**EXERCISE AIM**
What should be copied is the stretch of entries below from the line with "例子:收集到list集合中,把所有男性收集起来" up to and including the line with "Bombardiro Crocodilo, Metallic", exactly and without images.

═════ INPUT DATA

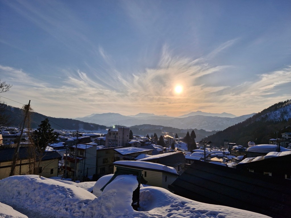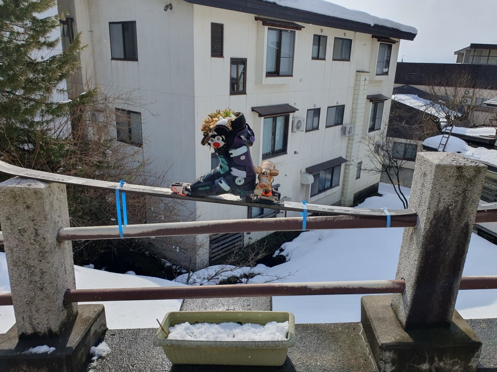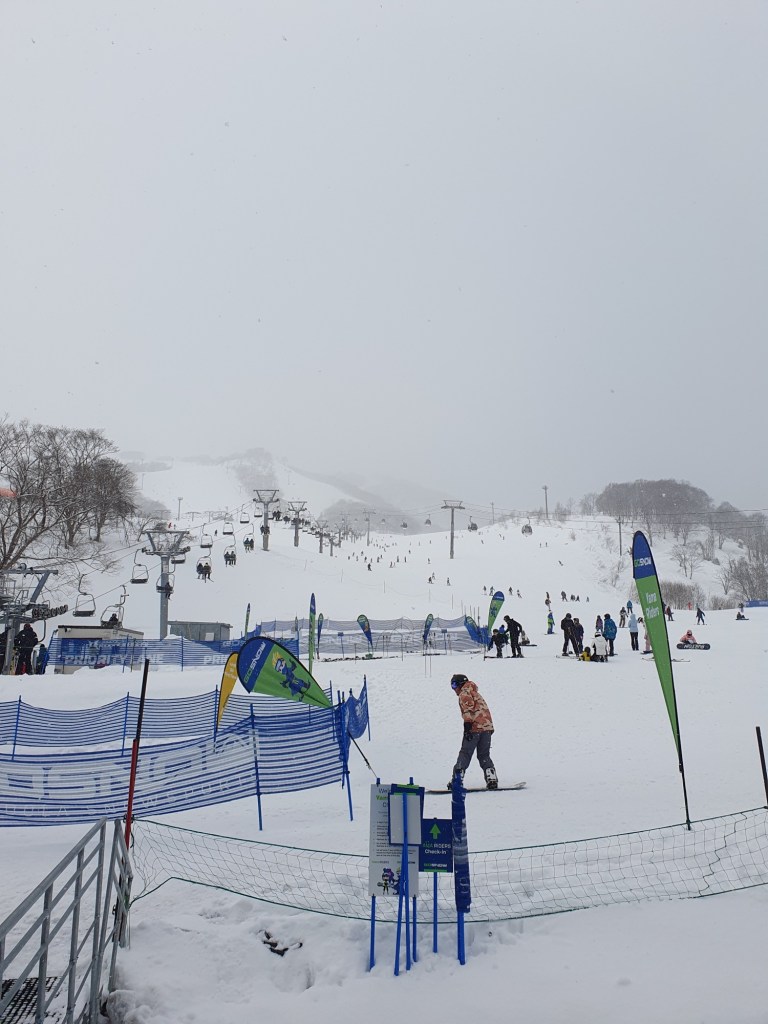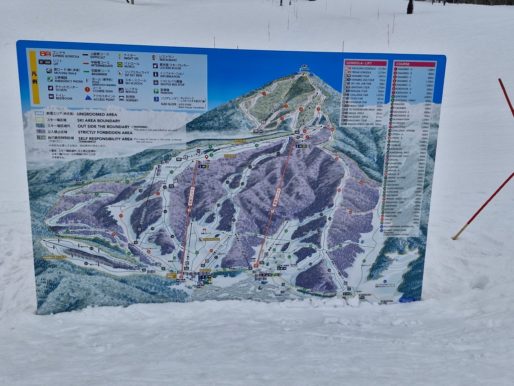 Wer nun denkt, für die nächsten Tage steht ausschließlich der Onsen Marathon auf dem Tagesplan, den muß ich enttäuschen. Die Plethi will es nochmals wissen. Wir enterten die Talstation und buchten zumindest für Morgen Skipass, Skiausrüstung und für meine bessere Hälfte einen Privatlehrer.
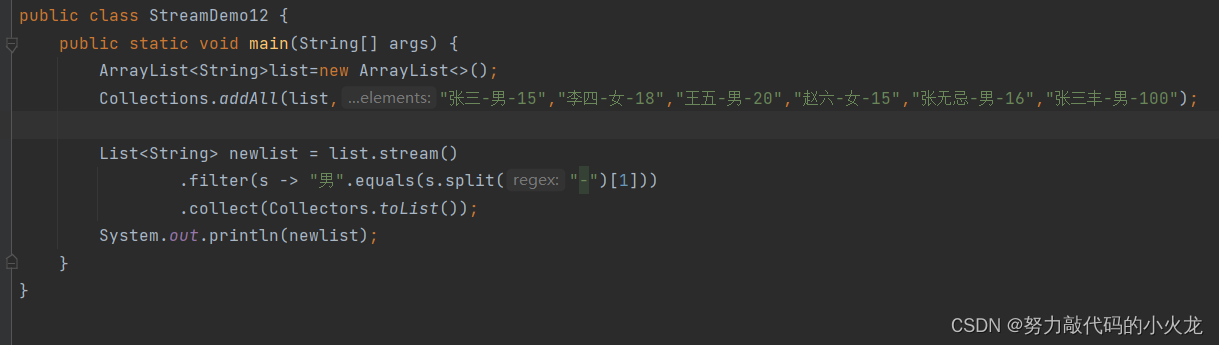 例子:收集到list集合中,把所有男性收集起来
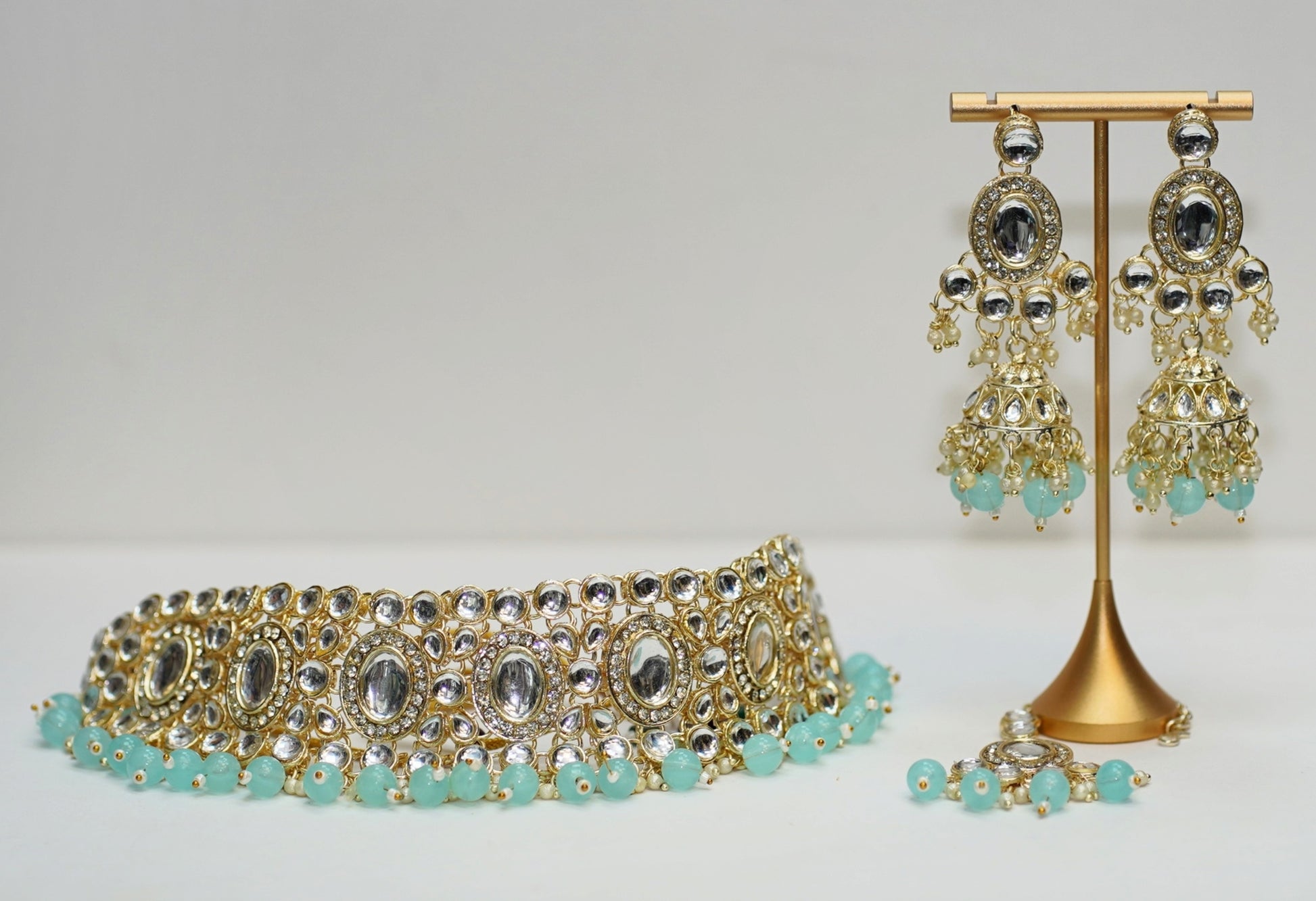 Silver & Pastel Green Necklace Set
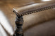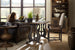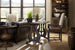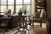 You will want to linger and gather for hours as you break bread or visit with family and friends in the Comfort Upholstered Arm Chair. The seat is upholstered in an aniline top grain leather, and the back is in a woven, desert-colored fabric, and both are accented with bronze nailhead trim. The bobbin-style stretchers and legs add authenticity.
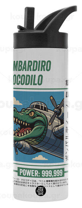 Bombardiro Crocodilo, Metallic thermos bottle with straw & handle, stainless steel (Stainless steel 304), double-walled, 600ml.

══════════
═════ INPUT DATA

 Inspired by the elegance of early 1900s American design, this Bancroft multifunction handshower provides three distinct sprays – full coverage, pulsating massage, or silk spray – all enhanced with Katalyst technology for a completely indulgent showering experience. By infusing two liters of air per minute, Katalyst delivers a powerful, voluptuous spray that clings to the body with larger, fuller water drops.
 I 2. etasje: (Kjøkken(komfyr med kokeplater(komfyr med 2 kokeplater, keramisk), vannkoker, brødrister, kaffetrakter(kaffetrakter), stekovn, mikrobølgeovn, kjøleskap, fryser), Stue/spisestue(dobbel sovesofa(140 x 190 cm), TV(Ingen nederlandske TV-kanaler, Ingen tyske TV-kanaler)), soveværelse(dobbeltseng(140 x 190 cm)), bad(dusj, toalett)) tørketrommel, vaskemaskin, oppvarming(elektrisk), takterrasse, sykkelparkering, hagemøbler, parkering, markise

══════════

**EXPECTED ANSWER**
 例子:收集到list集合中,把所有男性收集起来
 Silver & Pastel Green Necklace Set
 You will want to linger and gather for hours as you break bread or visit with family and friends in the Comfort Upholstered Arm Chair. The seat is upholstered in an aniline top grain leather, and the back is in a woven, desert-colored fabric, and both are accented with bronze nailhead trim. The bobbin-style stretchers and legs add authenticity.
 Bombardiro Crocodilo, Metallic thermos bottle with straw & handle, stainless steel (Stainless steel 304), double-walled, 600ml.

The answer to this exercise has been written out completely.